▶ [Data for review]
________________

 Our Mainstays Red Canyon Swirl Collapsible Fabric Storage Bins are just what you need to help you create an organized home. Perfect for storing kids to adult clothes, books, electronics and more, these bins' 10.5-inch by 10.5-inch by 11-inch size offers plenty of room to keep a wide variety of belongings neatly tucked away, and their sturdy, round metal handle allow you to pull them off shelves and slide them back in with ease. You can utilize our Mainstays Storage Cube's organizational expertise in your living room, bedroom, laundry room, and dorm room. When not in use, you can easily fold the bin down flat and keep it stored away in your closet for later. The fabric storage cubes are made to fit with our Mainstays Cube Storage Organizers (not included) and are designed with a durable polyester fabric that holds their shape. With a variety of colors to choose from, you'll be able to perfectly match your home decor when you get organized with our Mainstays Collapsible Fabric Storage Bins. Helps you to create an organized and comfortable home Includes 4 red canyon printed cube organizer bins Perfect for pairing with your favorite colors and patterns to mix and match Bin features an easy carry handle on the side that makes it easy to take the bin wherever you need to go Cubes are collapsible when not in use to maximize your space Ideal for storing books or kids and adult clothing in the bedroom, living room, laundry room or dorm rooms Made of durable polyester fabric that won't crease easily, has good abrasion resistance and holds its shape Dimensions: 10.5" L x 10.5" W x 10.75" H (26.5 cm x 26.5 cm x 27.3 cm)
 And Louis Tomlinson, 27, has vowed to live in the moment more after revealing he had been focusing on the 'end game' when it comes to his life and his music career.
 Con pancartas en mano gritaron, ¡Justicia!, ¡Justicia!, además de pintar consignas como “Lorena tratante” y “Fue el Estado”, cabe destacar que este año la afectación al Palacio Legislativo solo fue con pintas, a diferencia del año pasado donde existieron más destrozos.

________________

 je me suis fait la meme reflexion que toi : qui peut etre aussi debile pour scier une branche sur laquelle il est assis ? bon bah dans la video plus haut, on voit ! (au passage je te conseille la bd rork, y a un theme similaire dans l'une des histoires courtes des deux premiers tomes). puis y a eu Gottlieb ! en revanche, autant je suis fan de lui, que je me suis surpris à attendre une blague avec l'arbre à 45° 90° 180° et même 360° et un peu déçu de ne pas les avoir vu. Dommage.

________________

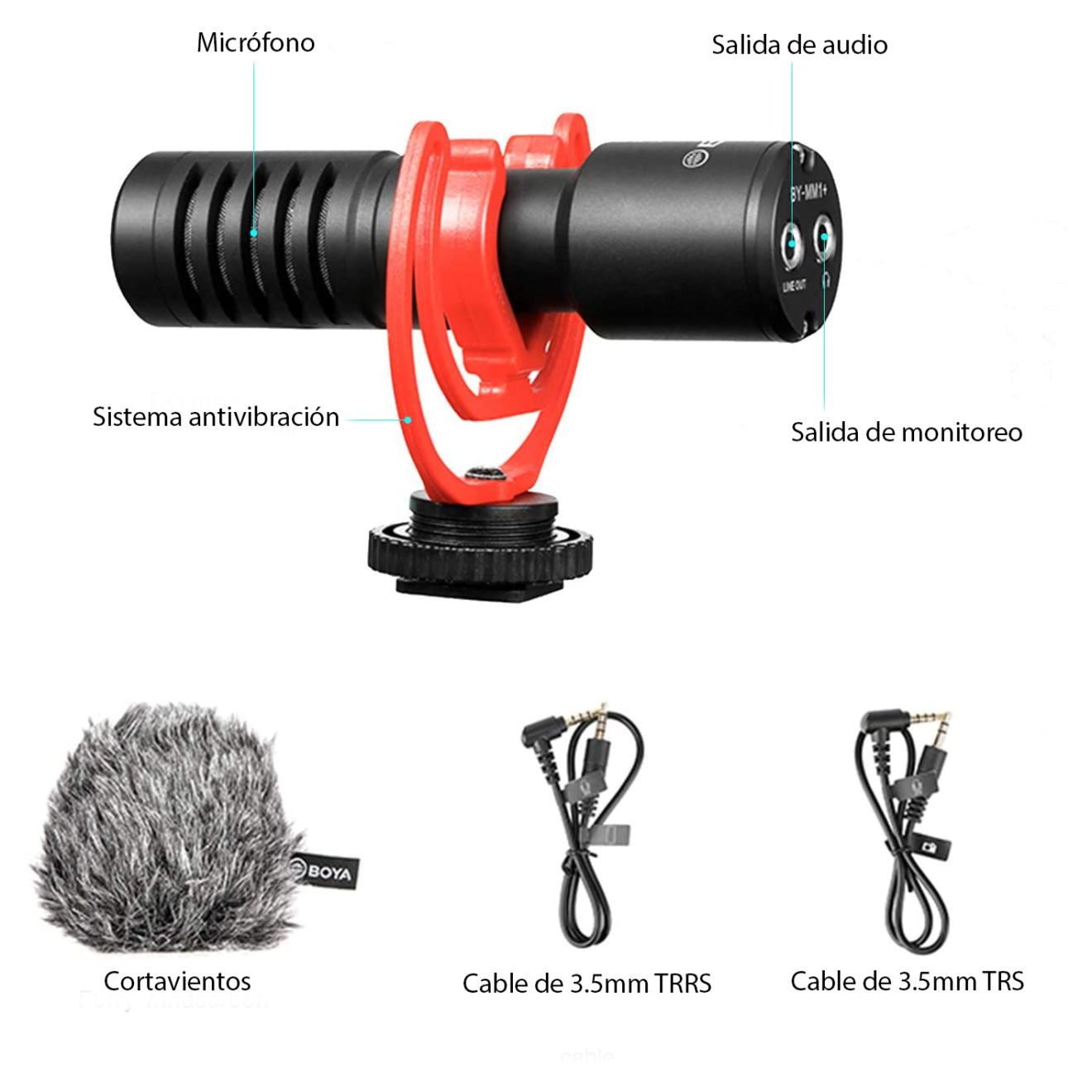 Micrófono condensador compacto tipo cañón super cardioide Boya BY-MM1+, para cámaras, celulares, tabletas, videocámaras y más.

________________

▶ [Your instructions] All that is needed is the exact run of lines above from the line containing "Our Mainstays Red" through the line containing "Con pancartas en", both of them included.

▶ [Output of the exercise]
 Our Mainstays Red Canyon Swirl Collapsible Fabric Storage Bins are just what you need to help you create an organized home. Perfect for storing kids to adult clothes, books, electronics and more, these bins' 10.5-inch by 10.5-inch by 11-inch size offers plenty of room to keep a wide variety of belongings neatly tucked away, and their sturdy, round metal handle allow you to pull them off shelves and slide them back in with ease. You can utilize our Mainstays Storage Cube's organizational expertise in your living room, bedroom, laundry room, and dorm room. When not in use, you can easily fold the bin down flat and keep it stored away in your closet for later. The fabric storage cubes are made to fit with our Mainstays Cube Storage Organizers (not included) and are designed with a durable polyester fabric that holds their shape. With a variety of colors to choose from, you'll be able to perfectly match your home decor when you get organized with our Mainstays Collapsible Fabric Storage Bins. Helps you to create an organized and comfortable home Includes 4 red canyon printed cube organizer bins Perfect for pairing with your favorite colors and patterns to mix and match Bin features an easy carry handle on the side that makes it easy to take the bin wherever you need to go Cubes are collapsible when not in use to maximize your space Ideal for storing books or kids and adult clothing in the bedroom, living room, laundry room or dorm rooms Made of durable polyester fabric that won't crease easily, has good abrasion resistance and holds its shape Dimensions: 10.5" L x 10.5" W x 10.75" H (26.5 cm x 26.5 cm x 27.3 cm)
 And Louis Tomlinson, 27, has vowed to live in the moment more after revealing he had been focusing on the 'end game' when it comes to his life and his music career.
 Con pancartas en mano gritaron, ¡Justicia!, ¡Justicia!, además de pintar consignas como “Lorena tratante” y “Fue el Estado”, cabe destacar que este año la afectación al Palacio Legislativo solo fue con pintas, a diferencia del año pasado donde existieron más destrozos.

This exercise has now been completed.